[What you are asked to do]:
Please repeat the lines below exactly. Begin with the line containing "保育園で食している給食内容を" and go on through the line containing "Blonde girl, asymmetrical".

[Data supplied]:
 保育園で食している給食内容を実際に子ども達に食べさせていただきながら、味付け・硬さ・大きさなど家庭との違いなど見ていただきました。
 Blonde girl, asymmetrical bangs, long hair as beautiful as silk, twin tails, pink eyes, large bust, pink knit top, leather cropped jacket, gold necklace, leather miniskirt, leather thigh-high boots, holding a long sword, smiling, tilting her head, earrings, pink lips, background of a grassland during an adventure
--
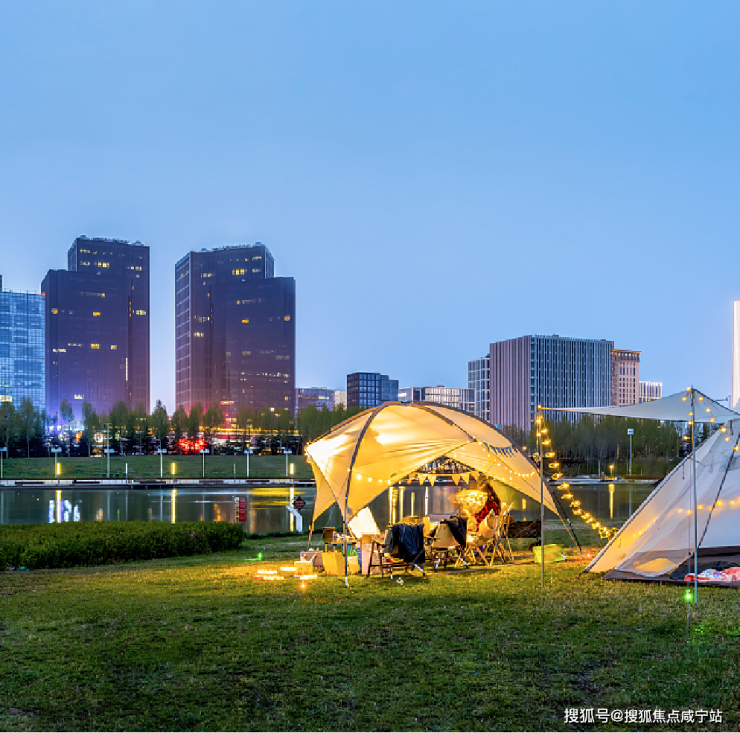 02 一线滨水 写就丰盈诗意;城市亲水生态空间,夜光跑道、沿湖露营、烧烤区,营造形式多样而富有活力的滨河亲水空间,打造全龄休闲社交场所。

[Answer section]:
 保育園で食している給食内容を実際に子ども達に食べさせていただきながら、味付け・硬さ・大きさなど家庭との違いなど見ていただきました。
 Blonde girl, asymmetrical bangs, long hair as beautiful as silk, twin tails, pink eyes, large bust, pink knit top, leather cropped jacket, gold necklace, leather miniskirt, leather thigh-high boots, holding a long sword, smiling, tilting her head, earrings, pink lips, background of a grassland during an adventure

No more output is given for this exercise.